Hi, I've been searching the internet and the forums for some answers here but have come across none and am now finally at my wits end.

We have two Devon Rex's which we re-homed about 3 years ago. We believe they are brothers and are approx 9 years old. One is playful, happy, wary of new people but overall contented. The other one is wired, inquisitive, fearful of nothing and like an evil genius. This one has a problem....

Since we've had them, evil genius has continually poo'd outside the litter tray. Not all the time, but 50% of the time. Generally always next to it mind, or on a bath mat, so consistent other locations, but just not in the litter tray.
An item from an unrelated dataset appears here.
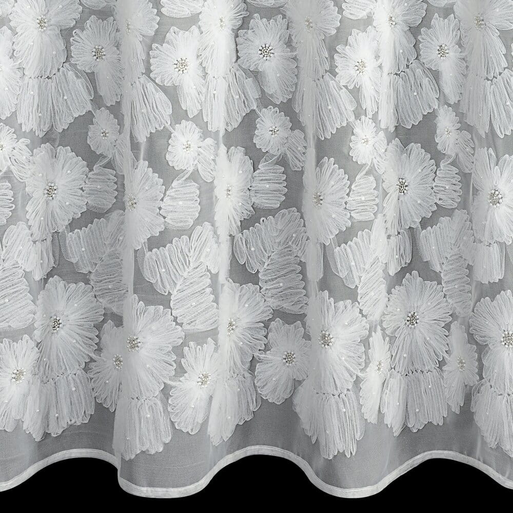 Firana gotowa z aplikacją szerokość: 140 cm, długość: 250 cm, kolor: biały, Gramatura: 50 GSM, Skład: 100% poliester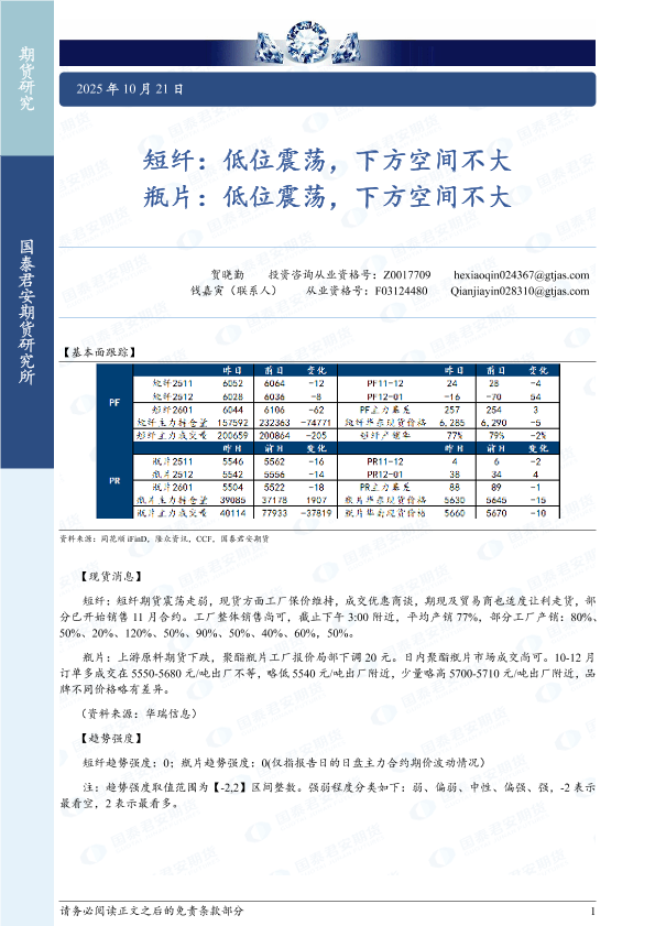 【国泰君安期货】【202510】短纤_低位震荡_下方空间不大_瓶片_低位震荡_下方空间不大-2页

If you stand over him (if you catch him wandering next to the litter tray) he'll do his business in it, but otherwise will meow next to it and deposit by its side.

He can be loud at night and will meow outside our bedroom door occasionally and generally as soon as its light so he does like attention, so wondered if this was a way of getting it. I've tried more litter trays, different litter trays, we already clean them out as soon as something arrives in case they're fussy about cleanliness but nothing changes.
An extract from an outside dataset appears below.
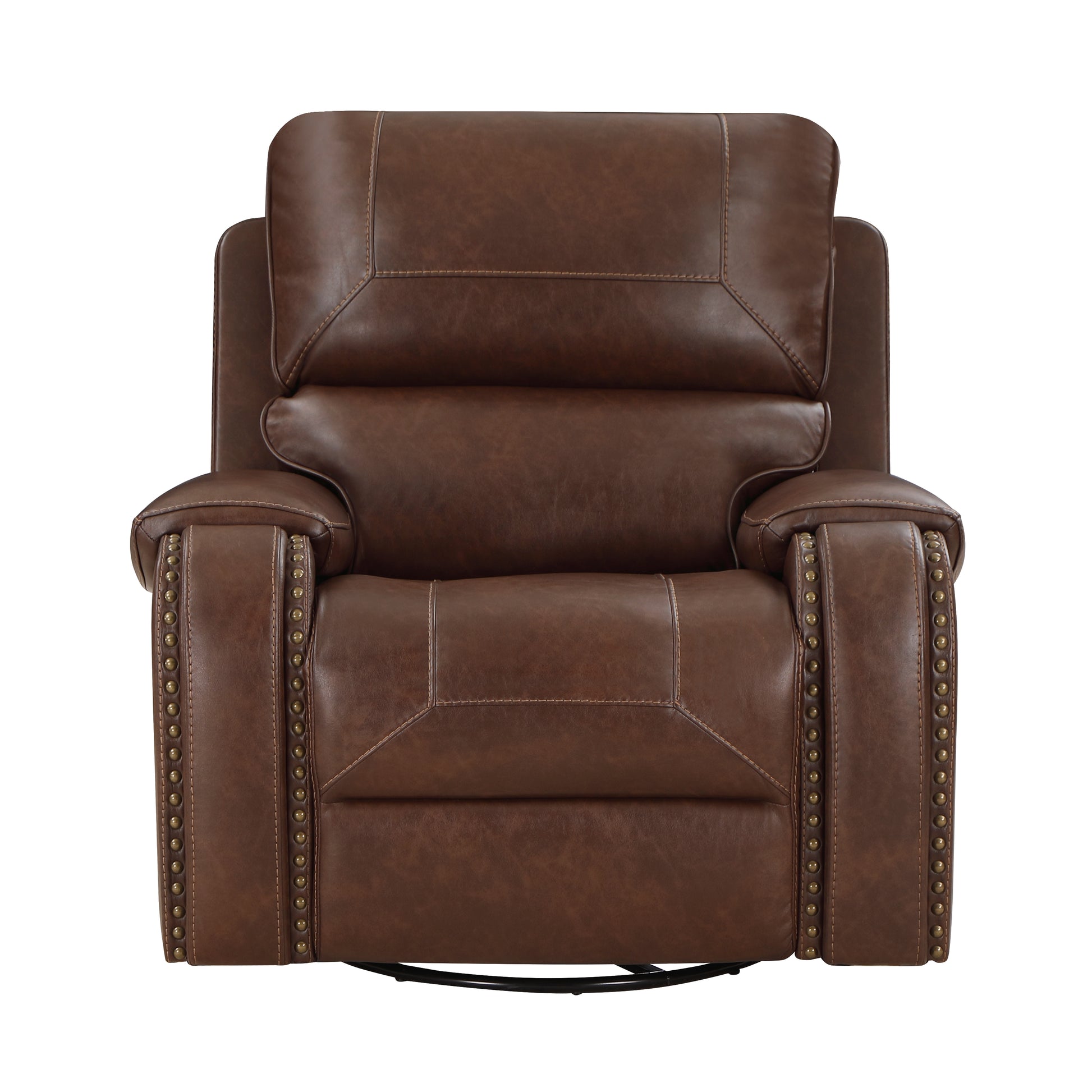 Introducing the Shawdowfax Collection, where classic nailhead accents meet a transitional silhouette for a timeless aesthetic. This collection boasts a swivel glider reclining chair featuring manual reclining mechanisms for effortless transitions from seated to reclined positions. The chair completes the set with a 360-degree swivel base and manual reclining motion mechanism. Upholstered in brown breathable faux leather, this collection effortlessly complements any home décor with its neutral hue.

Thinking about it, I've tried a whole host of stuff, which would clog this post, but wondered if anyone had any ideas if this is possible to stop? We have a young daughter (7 months, though this poo'ing started way before she arrived and he doesn't seem bothered by her) and the hygiene of it all is getting me down as he can often trample through his business.

Any help or ideas about what I can try would be most appreciated! I should add that his poo's are not the firmest in the world, and even with the vet's help we've never got to the bottom of it (no pun intended).

Thanks.


----------



## broccoli (Jul 1, 2011)

sure you have, but have you tried different litters in the tray? some may be softer to stand on
thats all i can think of - hopefully you'll get a better answer!


----------



## Dally Banjo (Oct 22, 2009)

How many trays do you have?


----------



## andyman2 (Jul 19, 2011)

Hi, I've tried different litters but same thing. Tried some of the corn (I think) which is much smaller litter) but no change.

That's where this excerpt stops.